In the frenetic world of artificial intelligence, the only constant is change, and the only path to survival is often self-disruption. This profound reality underscored a recent conversation on the Latent Space podcast, where host Alessio Fanelli sat down with Quinn Slack, CEO of SourceGraph, and Thorsten Ball, Amp's "Dictator" and lead engineer. Their discussion illuminated SourceGraph's strategic pivot from its established AI coding assistant, Cody, to its latest offering, Amp Code, delving into the philosophy behind building coding agents in a hyper-evolving landscape, the challenges of rapid iteration, and the surprising realities of developer adoption.

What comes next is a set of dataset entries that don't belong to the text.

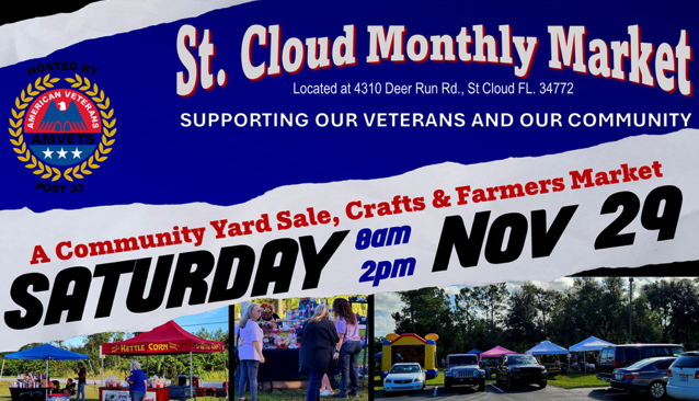 AMVETS Post 33 4310 Deer Run Drive, St. Cloud, FLBuy, Sell, Eat, Drink and have fun. Last Saturday of every month. There will crafts, art, yard sales, and farmers market. Food for the family. Bounce house for the kids and beer for the adults. Booths are FREE to AMVET Post 33 members, so sign up today. For booth rentals contact Jim @ 407-729-6787.
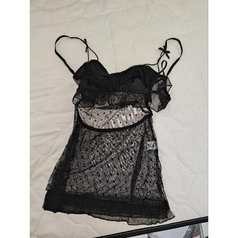 黑色 透視 點點 性感睡衣 free size(實際大小為S號) 附丁字褲
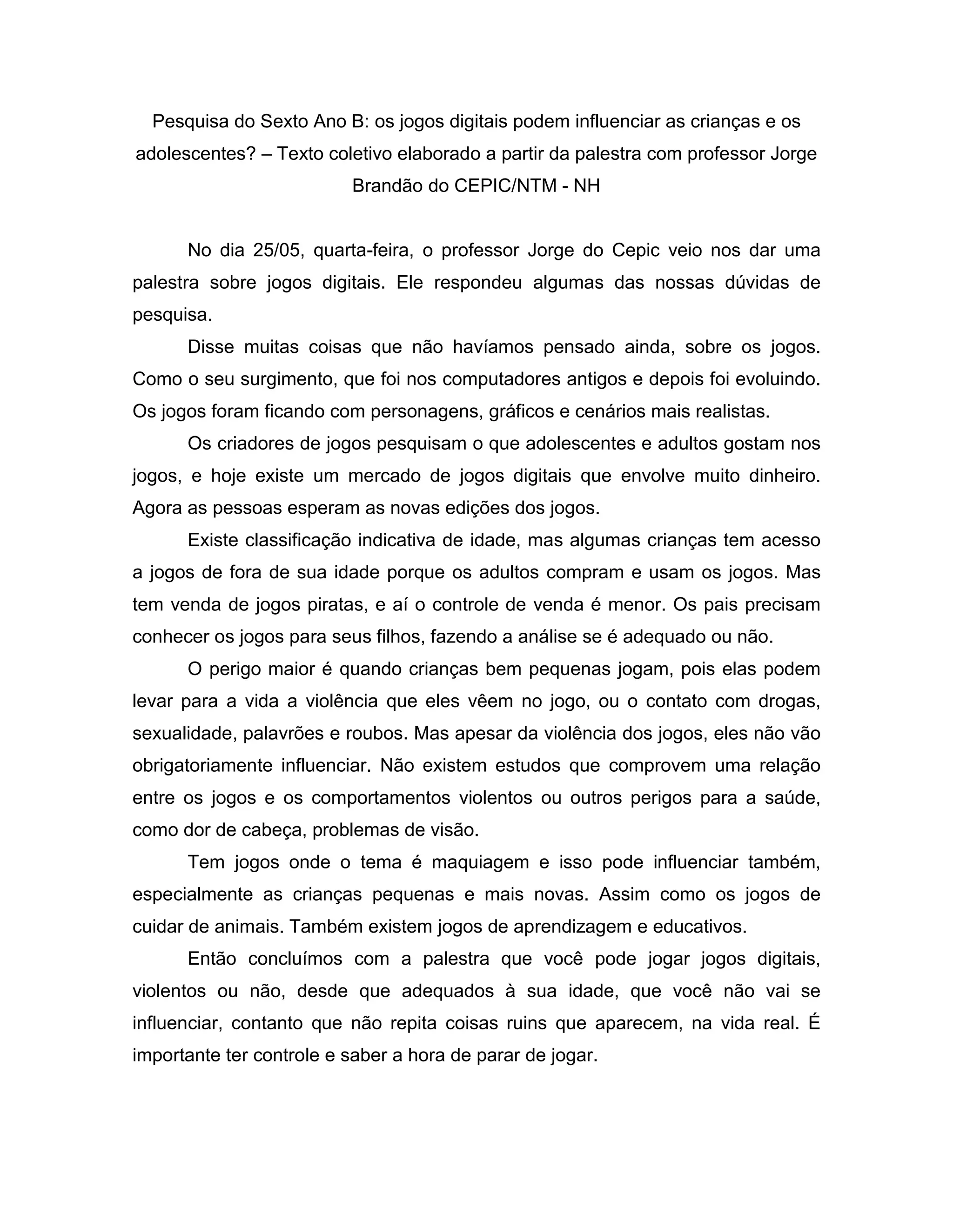 A palestra do professor Jorge Brandão discutiu a influência dos jogos digitais nas crianças e adolescentes, abordando sua evolução e o mercado crescente. Embora haja preocupações sobre a exposição a conteúdos violentos, ele destacou a falta de evidências que comprovem uma relação direta entre jogos e comportamentos agressivos. A conclusão enfatizou a importância da supervisão parental e do consumo responsável de jogos adequados à idade.

Thorsten Ball articulated a fundamental realization that catalyzed their shift: "We realized we gotta handle this differently, we gotta reset expectations... you create the new thing that kind of disrupts the business on its own." This isn't merely about feature upgrades; it's about acknowledging that the very definition of a "good" AI coding tool is ephemeral. Quinn Slack underscored this, stating, "The only thing that matters is building the best coding agent. Nothing else matters." This stark philosophy drives their product development, recognizing that tools relevant just six or twelve months ago are already being superseded. The team consciously chose to "burn the bridge" on some of Cody's established use cases and customer contracts to fully embrace a new, more agile paradigm with Amp.
This radical approach extends to SourceGraph's internal culture. Thorsten revealed that the Amp core team operates with minimal bureaucracy: "We don't do formal code reviews. We still push to main. We still ship 15 times every day." This "founder mode" mentality, unburdened by the slower cycles of larger enterprise software, allows them to dogfood extensively and maintain an unparalleled pace of innovation, directly responding to the rapid advancements in underlying AI models. This internal agility is critical when the external landscape shifts quarterly, not annually.